HPQ (34.97): Barron's Cover is positive on Hewlett-Packard and CEO Mark Hurd: CEO Hurd can't offer any predictions as to when the current financial mess will end but does predict that HP will have modest earnings growth through next year. He says he is even more focused on profitability now. Under Hurd, the company has diversified its revenue and profits. He is known for cost-cutting but also for gaining market share. Barclays Ben Reitzes thinks the shares could climb to $47 once the broader market settles down. Recurring revenue accounts for about a third of revenue and about half of estimated '09 earnings. About 60% of sales are overseas. HP trades for 8.18x estimated '10 earnings while Dell (DELL) trades for 8.32x estimated '10 numbers and IBM (IBM) trades for 9x expected '09 numbers. Chuck Jones of Atlantic Trust thinks the shares could go into the low $50s when the market returns to normalcy. Bernstein's Toni Sacconaghi thinks the concerns over consumer exposure are overblown since inkjet supplies account for about 98% of the consumer profits. He sees the shares going to $40. The biggest help for margins and profits should come from the EDS acquisition where the long-term contracts and high operating margins should take some of the pressure off printing supply sales. HP says no material customer has exited after the acquisition.

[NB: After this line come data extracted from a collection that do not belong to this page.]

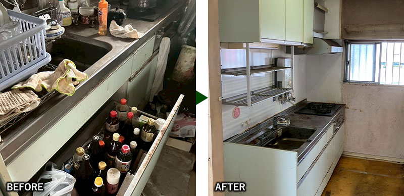 | 撤去内容 | 家具、家電、小物、生活ゴミなど 業務用冷蔵庫の解体 | ||
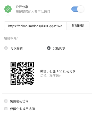 設(shè)置文檔公開分享時,可在石墨中設(shè)置“需要密碼訪問”或“僅限企業(yè)成員訪問”,從而實現(xiàn)文檔的定點(diǎn)定向傳輸,并可有效杜絕內(nèi)部文檔外泄。
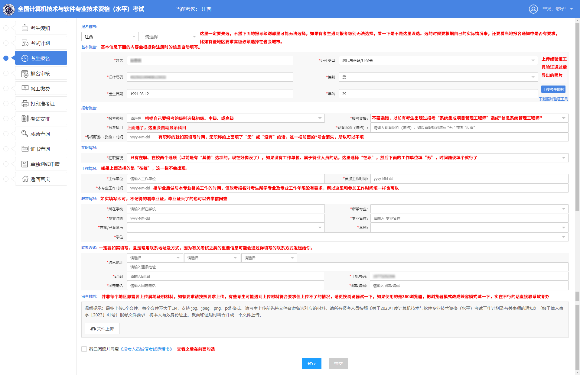 ⑧填寫報(bào)名信息、上傳報(bào)名照片、上傳證明材料(并非所有地區(qū)都需要上傳證明材料)【點(diǎn)擊查看報(bào)名信息填寫圖文說(shuō)明】
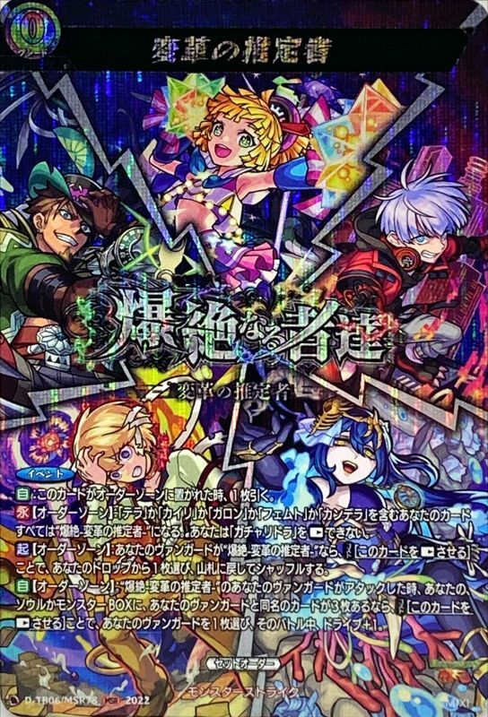 【イベント】【自】:このカードがオーダーゾーンに置かれた時、1枚引く。【永】【オーダーゾーン】:「テラ」か「カイリ」か「ガロン」か「フェムト」か「カンデラ」を含むあなたのカードすべては“爆絶-変革の推定者-”になる。あなたは「ガチャリドラ」を【レスト】できない。【起】【オーダーゾーン】:あなたのヴァンガードが“爆絶-変革の推定者-”なら、【コスト】[このカードを【レスト】させる]ことで、あなたのドロップから1枚選び、山札に戻してシャッフルする。【自】【オーダーゾーン】:“爆絶-変革の推定者-”のあなたのヴァンガードがアタックした時、あなたの、ソウルかモンスターBOXに、あなたのヴァンガードと同名のカードが3枚あるなら、【コスト】[このカードを【レスト】させる]ことで、あなたのヴァンガードを1枚選び、そのバトル中、ドライブ+1。
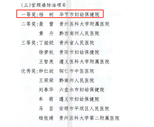 据悉,获得一等奖的杨树将代表贵州省参加全国妇幼健康职业技能竞赛宫颈癌防治组比赛。
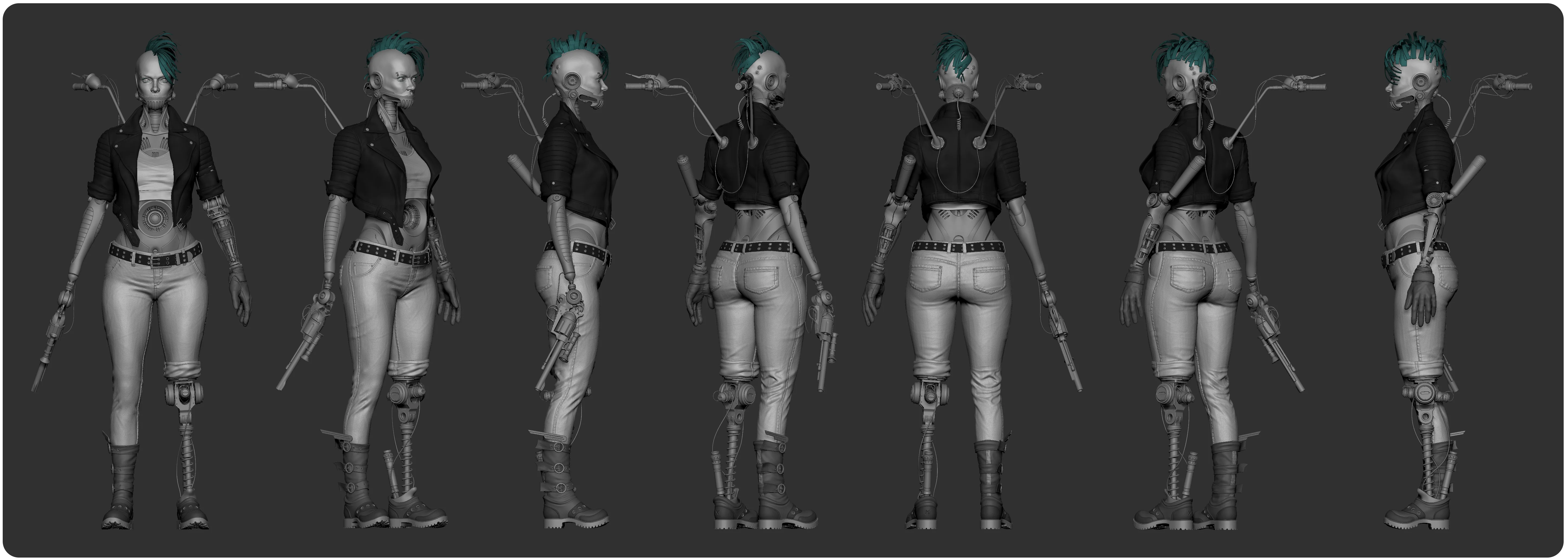 This concept was inspired by the Madcats comics my instructor used to read, which featured a character named Ladytron — a cyborg femme fatale. Combining both organic and hard-surface modeling, this project was a joy to work on. Although it was put on hold after I was hired straight out of school, I’m excited to return to it and finally bring this concept to life.
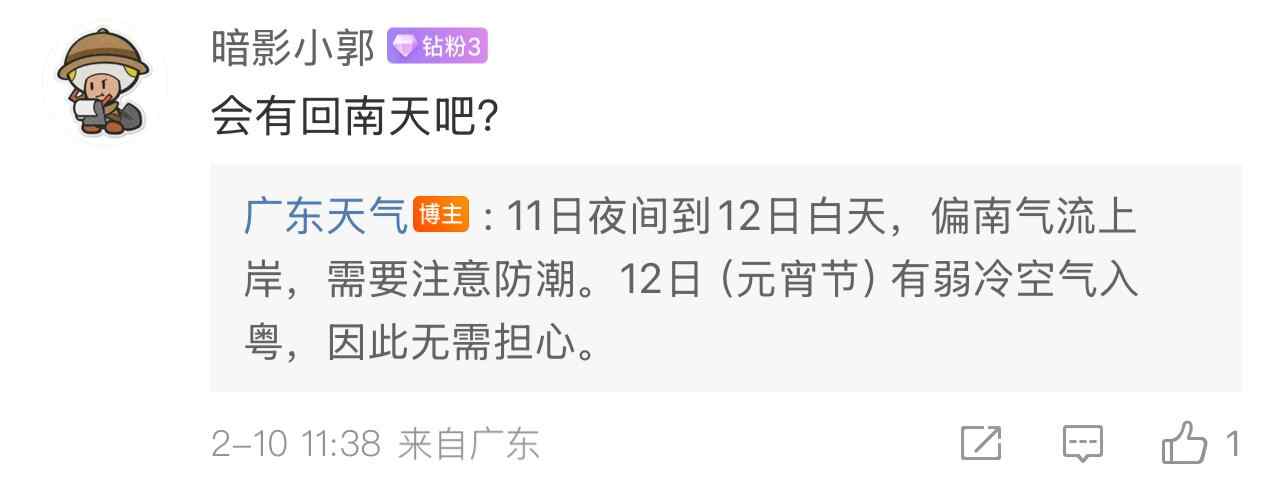 冷空气影响过后气温回升,不少广东居民担忧出现回南天。广东省气象部门2月10日通过新浪微博回复网友表示,预计11日夜间到12日白天,偏南气流上岸,此阶段广东各地需要注意防潮。由于12日夜间起有新一股弱冷空气影响广东,预计广东各地需要防潮的时间相对短暂。但因为偏南气流及弱冷空气南下时段广东天气将有所转变,建议有晾晒需求的公众抓紧当下的“广东蓝”天况晾晒衣物,并根据天气变化适时将晾晒衣物的地点由户外转移回室内。
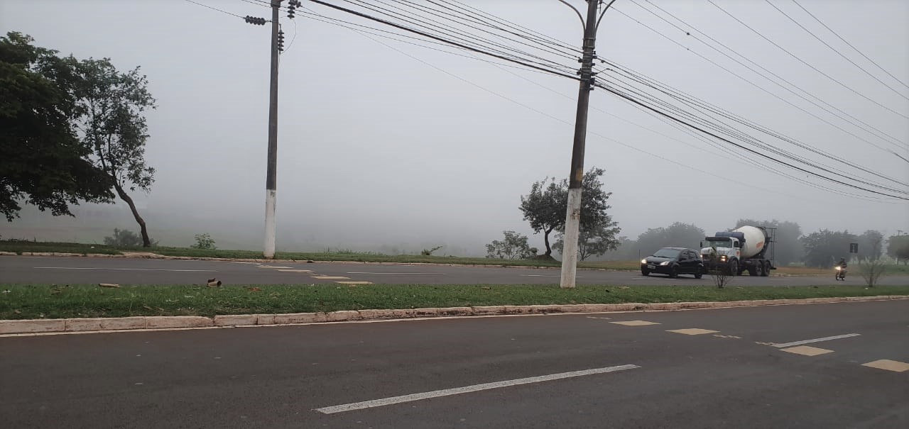 Hoje a cidade amanheceu encoberta por uma neblina - Avenida Luiz Saldanha Rodrigues (Foto: Laperuta)
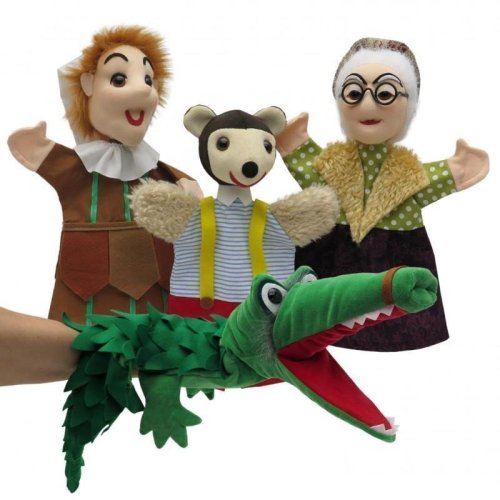 Sada 4 kusů maňásků v průhledném sáčku. Všichni pěkně pohromadě: Kasperl, Pezi, Dagobert a Grossmutti. Licence známého vídenškého loutkového divadla Urania - Kasperl a Pezi. Vyrobeno ručně v České republice.
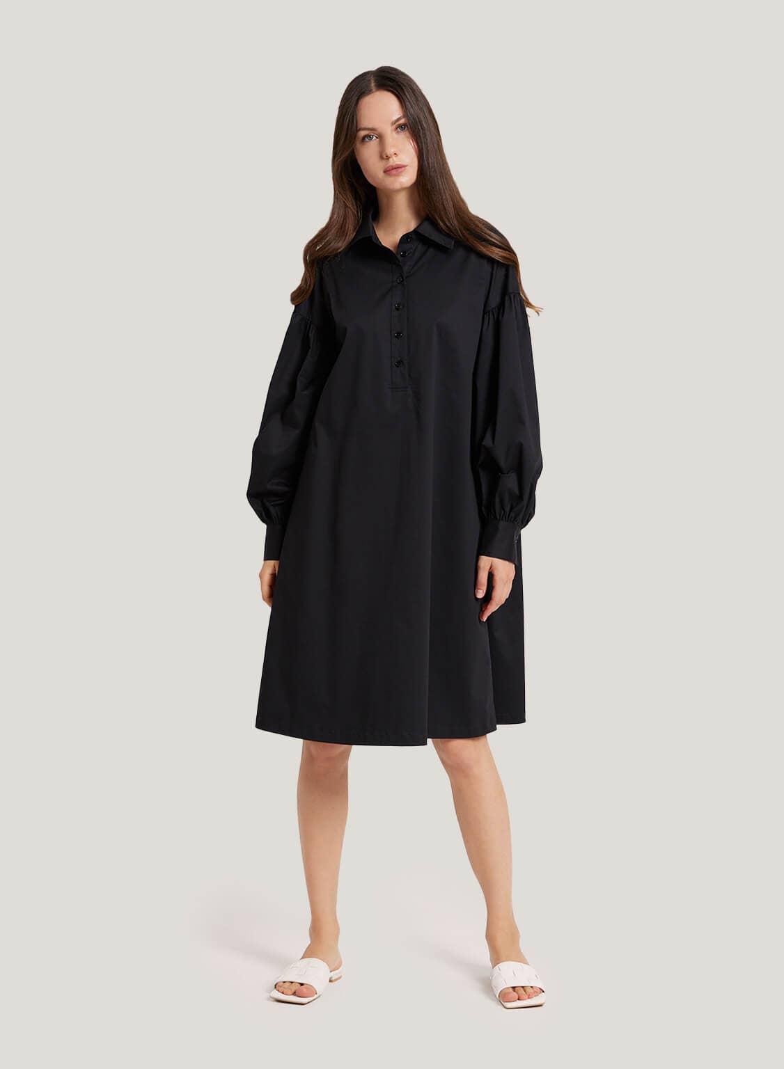 This dress is a must-have of summer such as can worn on a brunch date. Made from a cotton blend, It has signature puffed sleeves and an oversized silhouette with a button-down collar and dropped shoulders.
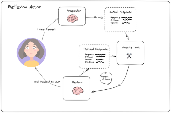 Reflexion by Shinn, et. al., is an architecture designed to learn through verbal feedback and self-reflection. Within reflexion, the actor agent explicitly critiques each response and grounds its criticism in external data. It is forced to generate citations and explicitly enumerate superfluous and missing aspects of the generated response. This makes the content of the reflections more constructive and better steers the generator in responding to the feedback.
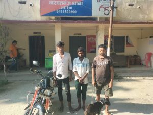 नरपतगंज. प्रखंड क्षेत्र के वरदाहा गांव में सोमवार की शाम खस्सी चोरी कर भाग रहे बाइक सवार तीन युवक को ग्रामीणों ने पकड़कर पिटाई कर दी. इसके बाद नरपतगंज पुलिस के हवाले कर दिया. नरपतगंज पुलिस ने तीनों युवकों से पूछताछ के बाद मंगलवार को न्यायिक हिरासत में भेज दिया. गिरफ्तार आरोपित फतेहपुर पंचायत के वार्ड संख्या 04 निवासी सौरभ कुमार पिता कृत्यानंद मंडल, अर्जुन मंडल पिता परशुराम मंडल व बिरजू कुमार मंडल पिता रामफल मंडल है. जानकारी अनुसार वरदाहा के समीप सड़क किनारे वरदाहा निवासी रामप्रवेश सिंह पिता स्व भुवनेश्वरी सिंह का खस्सी सड़क किनारे बंधा था. इसी बीच बाइक पर सवार तीन युवक उसको बाइक पर लेकर भागने लगा. इसी दौरान कुछ ग्रामीणों के नजर खस्सी पर पड़ गयी. इसके बाद ग्रामीणों ने पीछा कर तीनों युवक को खस्सी के साथ पकड़ कर तीनों की पिटाई कर दी. नरपतगंज पुलिस को मामले की जानकारी दी गयी. मौके पर पहुंचे पुलिस टीम ने तीनों युवकों को खस्सी के साथ गिरफ्तार कर थाना लाया. वहीं पीड़ित रामप्रवेश सिंह ने नरपतगंज थाना में आवेदन देकर न्याय की गुहार लगायी है. मामले को लेकर थानाध्यक्ष कुमार विकास ने बताया कि पीड़ित के आवेदन पर मामला दर्ज कर लिया गया है. गिरफ्तार तीनों युवकों से आवश्यक पूछताछ के बाद मंगलवार को न्यायिक हिरासत में भेज दिया गया.
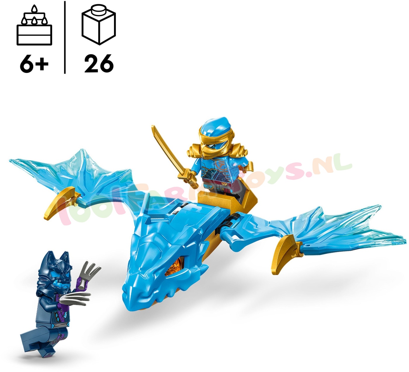 Jongens en meisjes vanaf 6 jaar kunnen spannende scènes uit seizoen 2 van de tv-serie NINJAGO® Dragons Rising naspelen met de ninjaspeelset Nya's rijzende drakenaanval (71802). Kinderen zullen het geweldig vinden om het eerste LEGO® NINJAGO drakenactiespeelgoed ooit te bouwen voordat ze op de gouden staart van de draak slaan en kijken hoe deze in actie komt.Deze bouwset bevat 2 minifiguren: Rijzende draak Nya met een katana die op het drakenmodel kan rijden en een Wolvenmasker klauwstrijder met klauwen. Kinderen kunnen spannende confrontaties tussen de ninjafiguren naspelen om het oranje drakenkrachtelement te bemachtigen uit de verstelbare bek van de blauwe draak.De rest van het LEGO NINJAGO assortiment bouwbaar ninjaspeelgoed omvat mecha. voertuigen en tempels. zodat fans avonturen kunnen naspelen met hun helden (sets worden apart verkocht). Elk model kan worden gemaakt met behulp van de LEGO Builder app. die jou en je kind begeleidt op een eenvoudig en intuïtief bouwavontuur. Drakenspeelgoed boordevol actie voor kinderen – jongens en meisjes vanaf 6 jaar kunnen confrontaties uit seizoen 2 van de NINJAGO® Dragons Rising tv-serie naspelen met de speelgoeddraak in Nya's rijzende drakenaanval Ninja actiespeelgoed – kinderen kunnen Rijzende draak Nya op de rug van de blauwe draak plaatsen. de gouden staart naar beneden slaan en ze allebei naar voren lanceren 2 LEGO® NINJAGO® minifiguren – deze ninjaspeelset bevat een Nya minifiguur met een minikatana. zodat kinderen confrontaties met de Wolvenmasker klauwstrijder kunnen naspelen Drakenkrachtelement – de blauwe speelgoeddraak heeft een oranje drakenkrachtelement in zijn bek Ninjacadeau – deze LEGO® NINJAGO® set biedt een leuke bouw- en speelervaring en is eencadeautip voor kinderen die een onverwachte traktatie verdienen Grotere ninja-avonturen – kijk uit naar meer LEGO® NINJAGO® speelgoed (sets apart verkrijgbaar) om races te organiseren Een universum vol ninjaspeelgoed voor kinderen – LEGO® NINJAGO® sets bevatten mecha. voertuigen en tempels. waarmee kinderen samen met hun ninjahelden kunnen ontsnappen naar een fantasiewereld vol avontuur Afmetingen – deze 26-delige LEGO® bouwset bevat een speelgoeddraak van ca. 2 cm hoog. 18 cm lang en 18 cm breed.
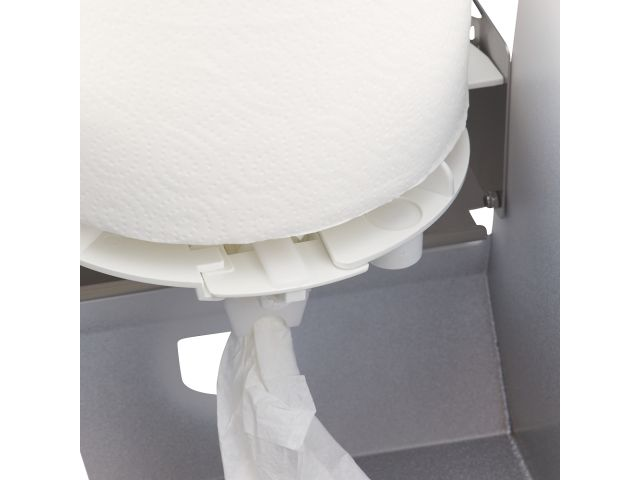 Dozowanie "listek po listku": Dzięki wkładce dozującej możliwe jest precyzyjne dozowanie ręczników "listek po listku", co zwiększa efektywność i redukuje ilość odpadów.
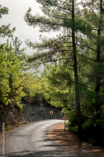 Fototapeta premium Koprulu Canyon National Park. A winding forest road surrounded by pine trees....
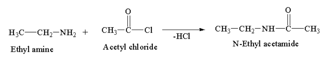 Ethyl amine on acetylation gives N-ethyl acetamide. In the given example reagent is acetyl chloride having Cl as a leaving group. The reaction is shown below:
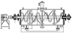 本機(jī)是一種新穎臥式間歇式真空干燥設(shè)備,濕物料經(jīng)傳導(dǎo)蒸發(fā),帶有刮板攪拌器不斷清除熱面上的物料,并在容器內(nèi)推移形成循環(huán)流,水份蒸發(fā)后由真空泵抽出。
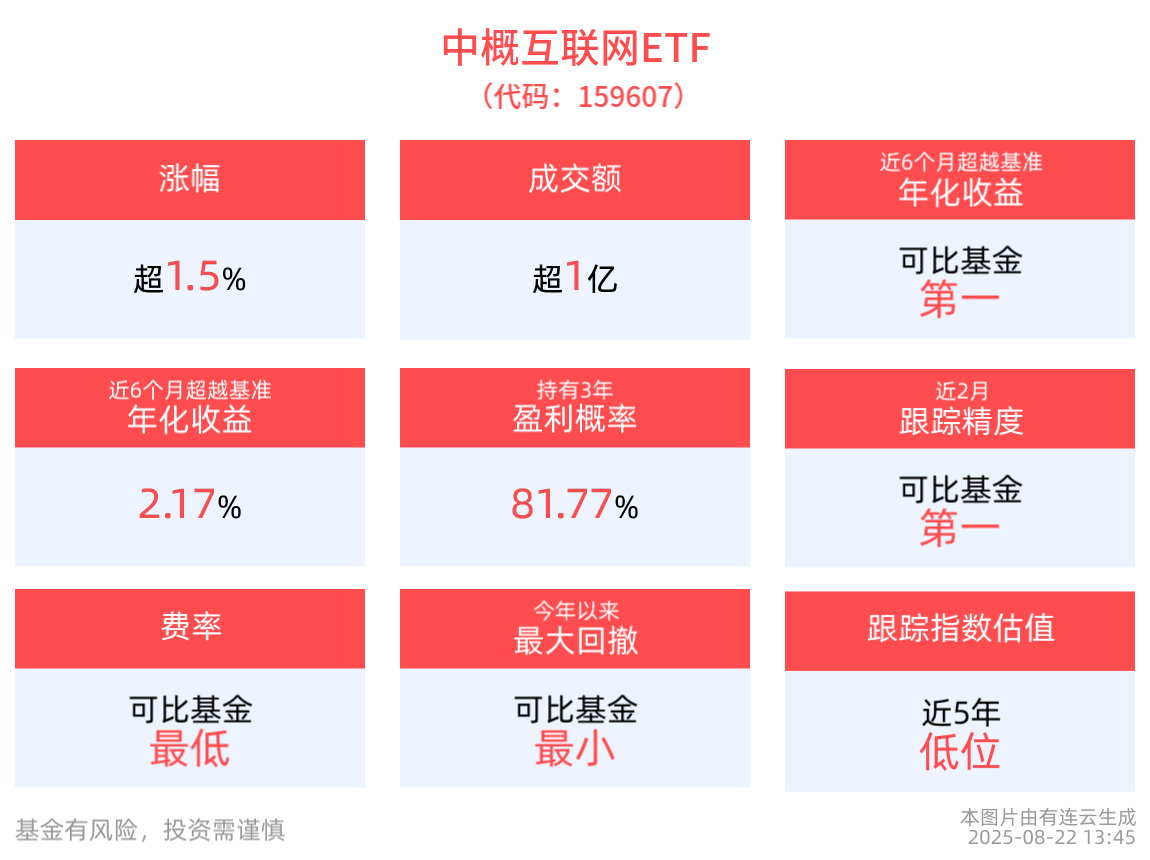 截至8月20日,中概互联网ETF近1年净值上涨40.41%。从收益能力看,截至2025年8月20日,中概互联网ETF自成立以来,最高单月回报为40.52%,最长连涨月数为4个月,最长连涨涨幅为24.85%,上涨月份平均收益率为8.53%。
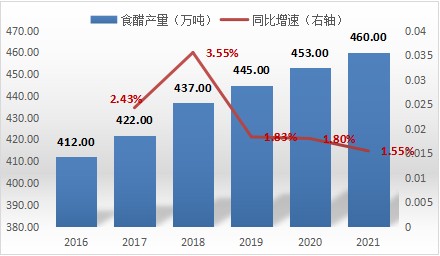 自2010年来我国食醋行业总体产量稳步上升,但增速较缓,到2018年中国食醋产量达到437万吨,同比增长3.55%;2019年中国食醋产量为445万吨,同比增长1.83%。2021年食醋产量达460万吨,同比增速为1.55%。
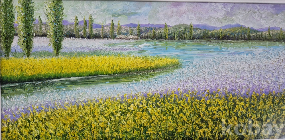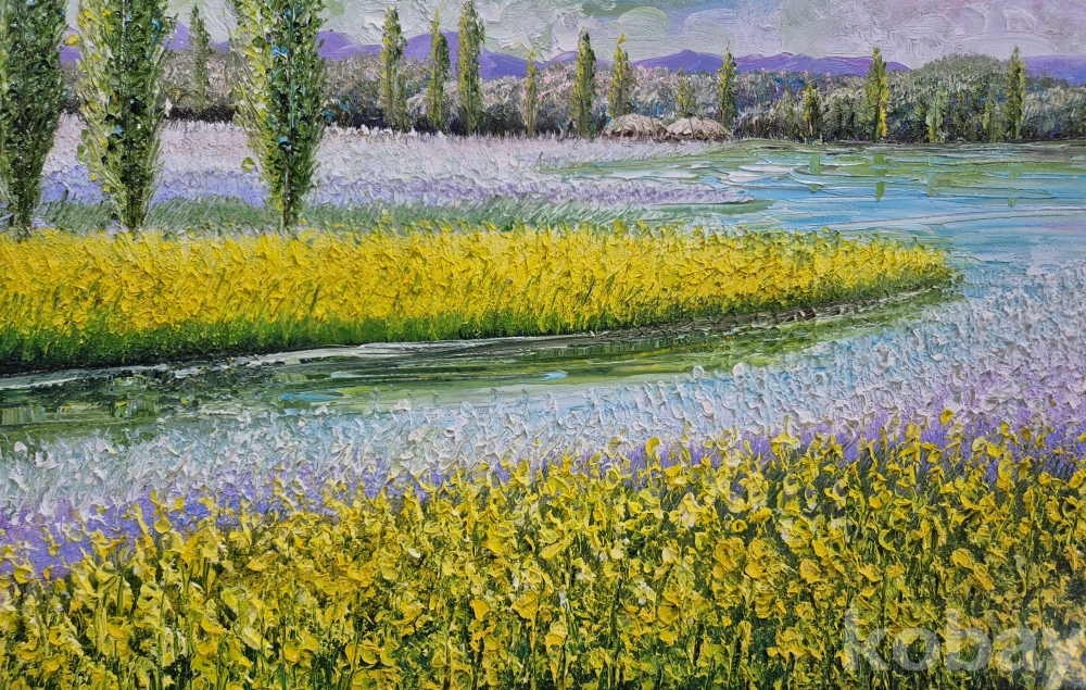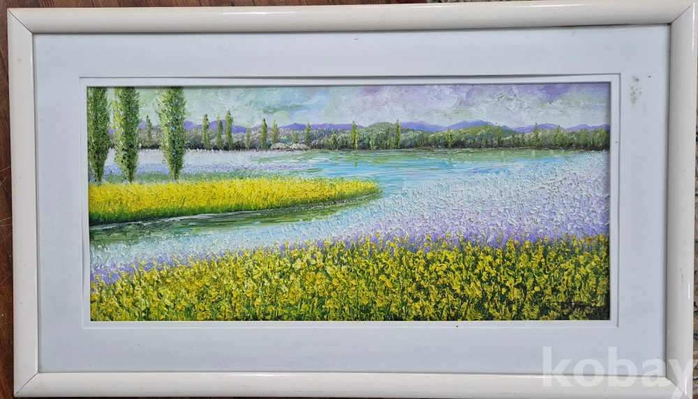 질감 두텁고 독특한 붓놀림으로 시원스럽게 잘 그려진 풍경 유화 작품'이오니 작품 이미지상 싸인'등

AAPL (85.81): Barron's Technology Trader notes the risks to Palm and RIMM with the iPhone now selling at Wal-Mart: The move by Wal-Mart (WMT) to start selling the Apple (AAPL) iPhone seems to be a bet that all types of consumers will buy relatively complex pieces of computing. The move could drive a wedge between Apple and competitors RIMM, Nokia and Palm.

Barron's summary:
Cover: Positive on Hewlett-Packard (HPQ) and CEO Mark Hurd, shares could climb into the $40s. Interview: Mark Roberts, founder of Off Wall Street Consulting Group, likes BRS, PHH and ASML and would short HRC, SYK and PSYS. Lead Articles: Conditions are worse for credit card issuers than investors realize, COF is the best positioned of the pure plays for funding; The concerns over Linn Energy LLC (LINE) seem misplaced, stock could go into the $20s; Streetwise notes that reversion to mean plays are no longer sure things, suggests going long RIG and shorting NE; the selloff in Millicom (MICC) seems overdone, stock could rise by more than 25%; positive on preferred stocks, especially adjustable rate preferreds from financials; Other Voices says it is time that Americans stopped lying about correctly timing the market and admit that they were caught just like everyone else; Editorial suggests ways to exit the current financial mess including ending tax subsidies or specialized treatment, except for an energy tax to make the U.S. frugal energy consumers, and opening up all markets to true competition. Columns: The Trader is positive on Saks Fifth Avenue (SKS), cautious on '09; Asia Trader looks at the current state of Asia and recounts the past year; Euro Trader recounts the many issues that seemed important in '08 but weren't; Current Yield sees a further contraction in corporate bond spreads, suggests LQD, FSICX, LSBRX and RPSIX as a way to play it; The Striking Price considers the merits of covered call writing; Commodities Corner notes the speculative frenzy that gripped many markets in '08; Preview notes the selling of oil and gas leases by Pennsylvania to companies like COG and XTO; Follow Up notes the systemic risks in China; Up and Down Wall Street considers the past year and notes the Dogs of the Dow for 2009 are BAC, GE, PFE, AA, DD, T, VZ, MRK, JPM and KFT with yields ranging from 4.32%-9.31%; Economic Beat suggests spending the Obama economic stimulus on infrastructure repair and helping out state and local budgets and not adding in an economic stimulus element; D.C. Current suggests that President Bush can restore some dignity to the Oval Office by not crassly profiteering once he leaves office; Speaking of Dividends is positive on REITs because of an IRS ruling to let them pay a significant portion of their dividends in stock, thereby conserving cash; Technology Trader notes the risks to Palm and RIMM with the iPhone now selling at Wal-Mart.